**GIVEN RECORDS**
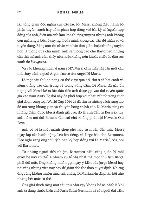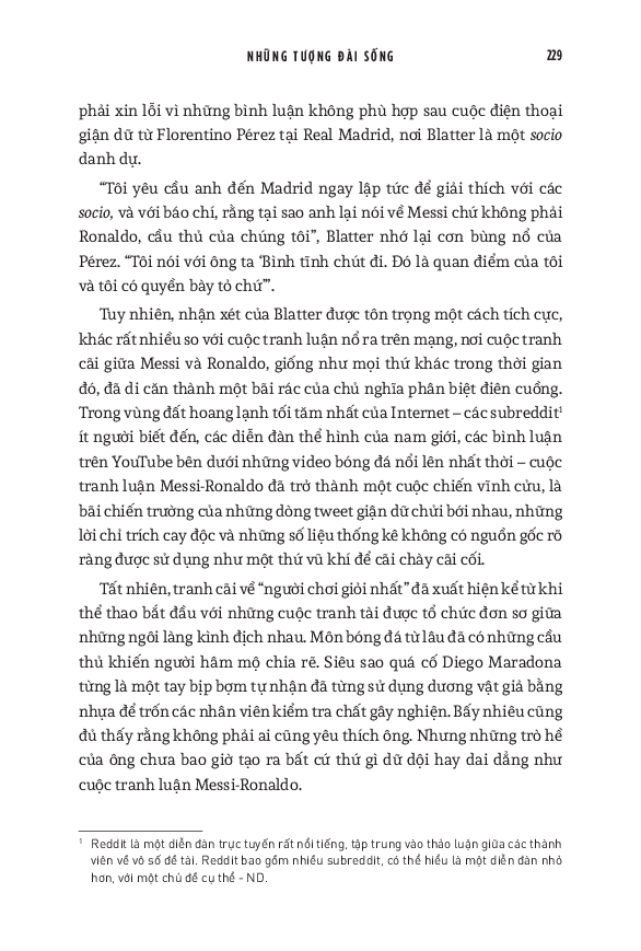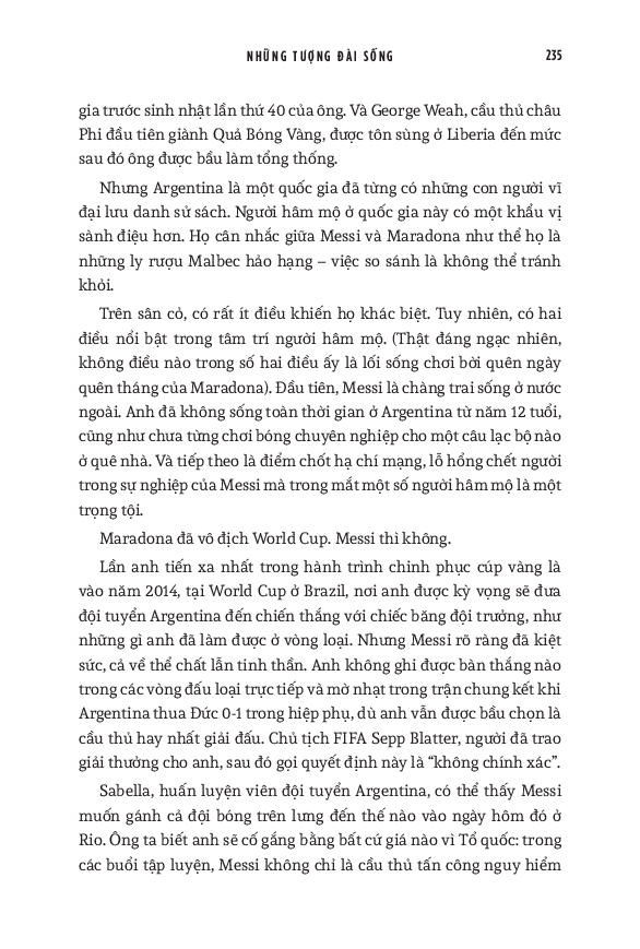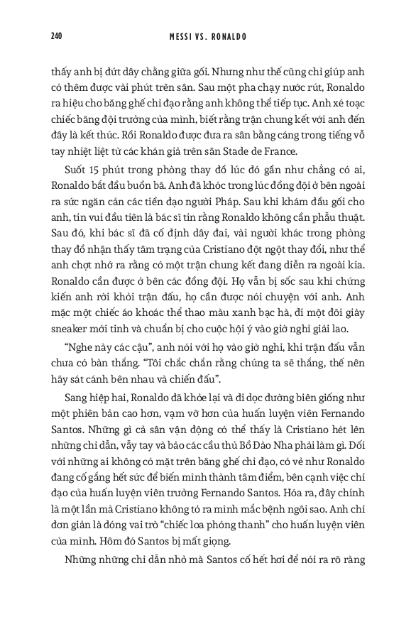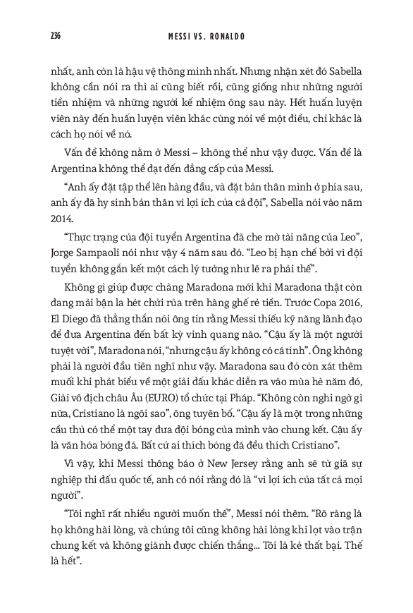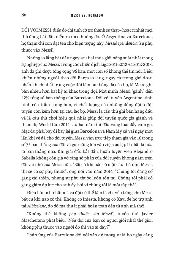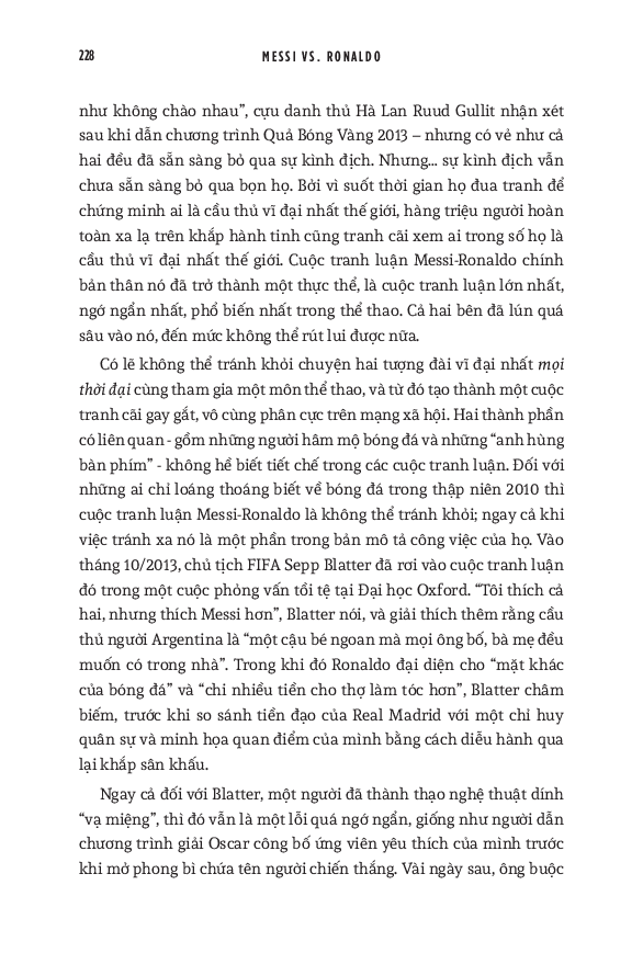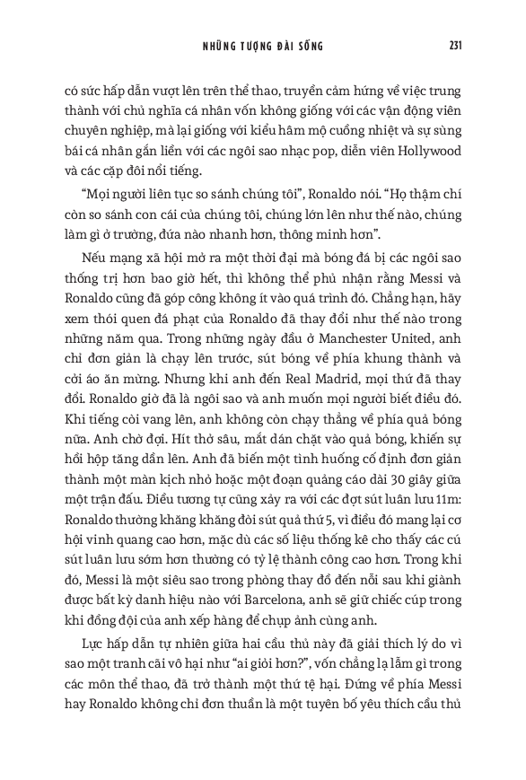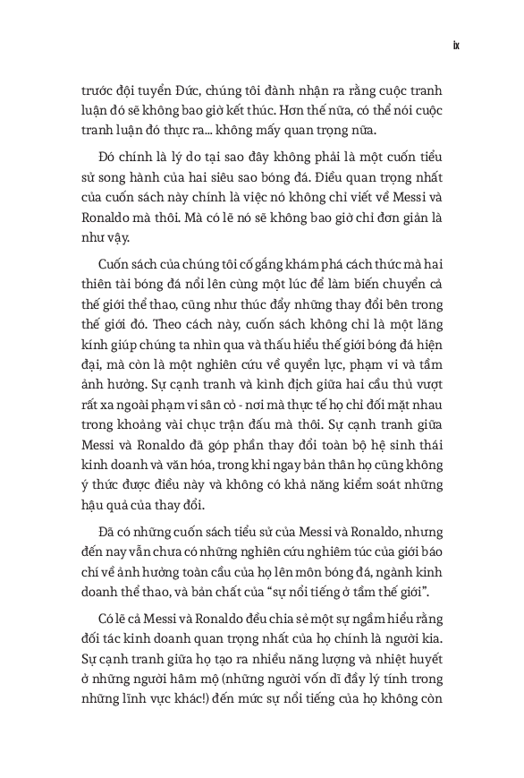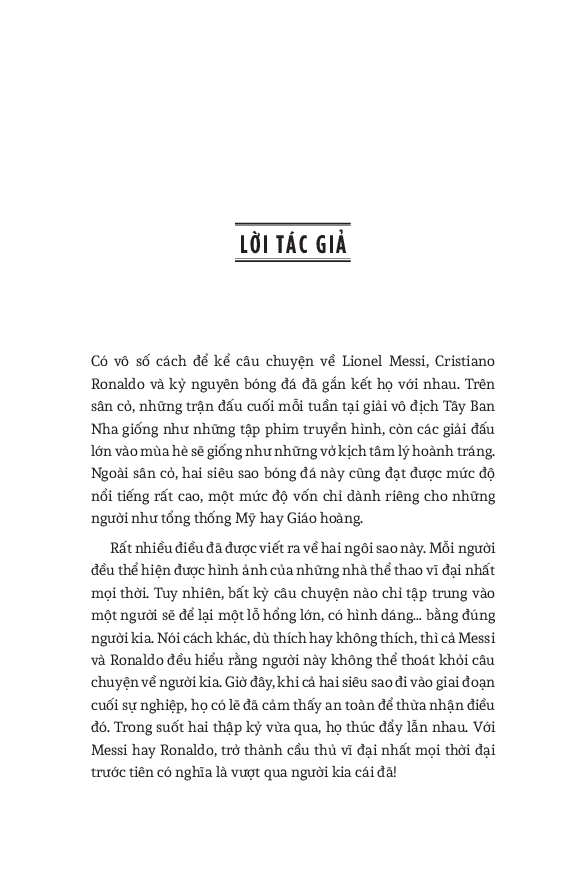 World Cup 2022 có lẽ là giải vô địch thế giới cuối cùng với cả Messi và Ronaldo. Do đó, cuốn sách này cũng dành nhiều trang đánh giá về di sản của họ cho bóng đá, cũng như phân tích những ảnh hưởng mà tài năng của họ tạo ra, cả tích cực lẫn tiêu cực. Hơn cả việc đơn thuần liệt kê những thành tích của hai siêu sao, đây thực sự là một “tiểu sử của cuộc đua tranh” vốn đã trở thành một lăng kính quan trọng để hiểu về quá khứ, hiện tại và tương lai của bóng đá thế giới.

* * *

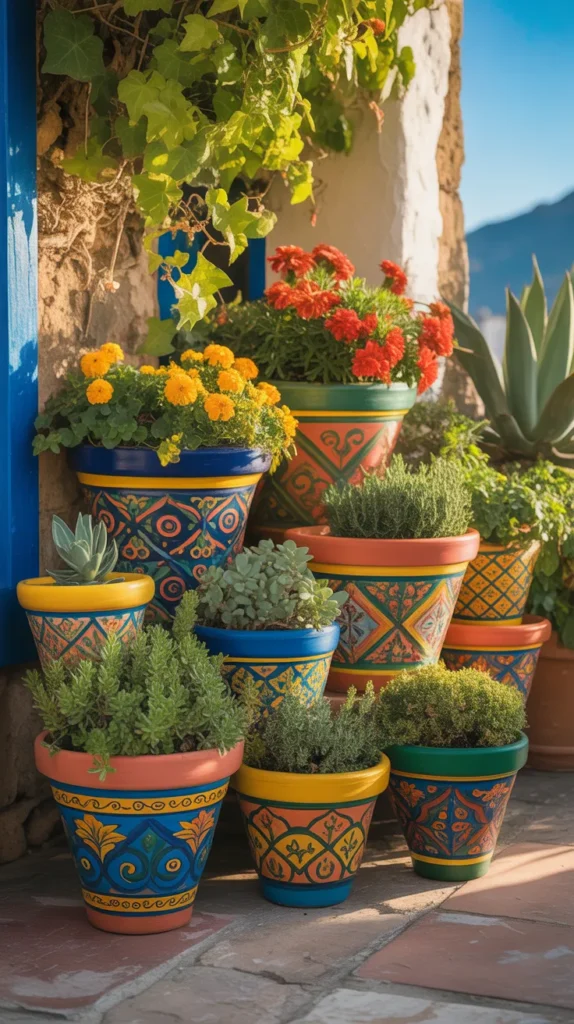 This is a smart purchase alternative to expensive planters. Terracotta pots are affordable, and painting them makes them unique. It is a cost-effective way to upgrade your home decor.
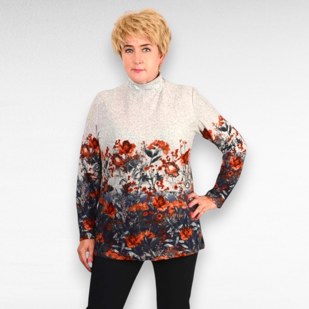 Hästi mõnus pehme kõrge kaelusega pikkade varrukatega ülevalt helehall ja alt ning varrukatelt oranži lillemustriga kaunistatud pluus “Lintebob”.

==

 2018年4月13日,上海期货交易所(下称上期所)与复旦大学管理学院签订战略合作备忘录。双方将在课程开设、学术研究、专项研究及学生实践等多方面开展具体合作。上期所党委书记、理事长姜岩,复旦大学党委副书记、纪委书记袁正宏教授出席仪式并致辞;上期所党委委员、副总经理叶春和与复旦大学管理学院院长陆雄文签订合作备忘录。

**DIRECTIONS FOR THIS TASK**
Using the data above, transcribe exactly the lines between those containing "This is a smart" and "Hästi mõnus pehme", inclusive, and leave every picture behind.

**ANSWER TO THE EXERCISE**
 This is a smart purchase alternative to expensive planters. Terracotta pots are affordable, and painting them makes them unique. It is a cost-effective way to upgrade your home decor.
 Hästi mõnus pehme kõrge kaelusega pikkade varrukatega ülevalt helehall ja alt ning varrukatelt oranži lillemustriga kaunistatud pluus “Lintebob”.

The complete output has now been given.